Aan ieder die heeft, zal gegeven worden, zelfs in overvloed. Want wat je
aan de minsten der Mijnen hebt gedaan, heb je aan Mij gedaan. Aan ieder die
bereid is de Mensenzoon serieus te nemen, Hem te pakken te krijgen, Hem te
willen vatten. Ieder die het beleid van de Mensenzoon wil begrijpen; aan ieder
die Hem zó heeft, zal het overige in de schoot worden geworpen.
‘In overvloed gegeven worden’ betekent hier niet naar hartelust rijkdom
en bezit opstapelen. Het betekent ook niet: de neiging bevredigen om alles voor
jezelf te houden. Want alles voor jezelf houden, gebeurt, als de Heer afwezig is.
Dat gebeurt, als je de Heer uit je leven weg laat gaan. Maar ‘in overvloed
ontvangen’, dat gebeurt als de Heer weer in je leven terug is. De Heer is bij ons
terug, wanneer wij de liefde beseffen waarmee Jesus dezelfde wil zijn als de
verdrukte en de ontheemde. Jesus is terug, wanneer het tot ons doordringt hoe
juist de arme, de zieke en de zwakke Jesus lief zijn.
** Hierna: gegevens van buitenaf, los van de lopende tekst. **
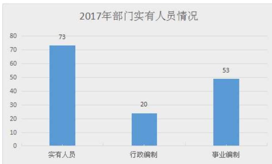
图 2 2017 年部门实有人员情况

En hoe groeit dat besef? Dat begint met het lezen en accepteren van de
woorden van de Heilige Schrift, de woorden van het Evangelie. Het begint met
het besef dat wij het niet voor het zeggen hebben, maar dat God het is. Hij
spreekt tot ons. Met naar Hem te luisteren, haal je iets heel belangrijks binnen.
Daarmee begint je rijkdom. ‘Hebben’ in het evangelie van vandaag is dus in
eerste instantie ‘de woorden van God tot je bezit maken’, je daarmee voeden,
daarmee in leven blijven. Als je die woorden eenmaal goed te pakken hebt; of
liever, als die woorden jou eenmaal stevig te pakken hebben, dan worden ze
voor jou een bron die opborrelt tot eeuwig leven. Want aan ieder die heeft, zal
gegeven worden, zelfs in overvloed. Amen.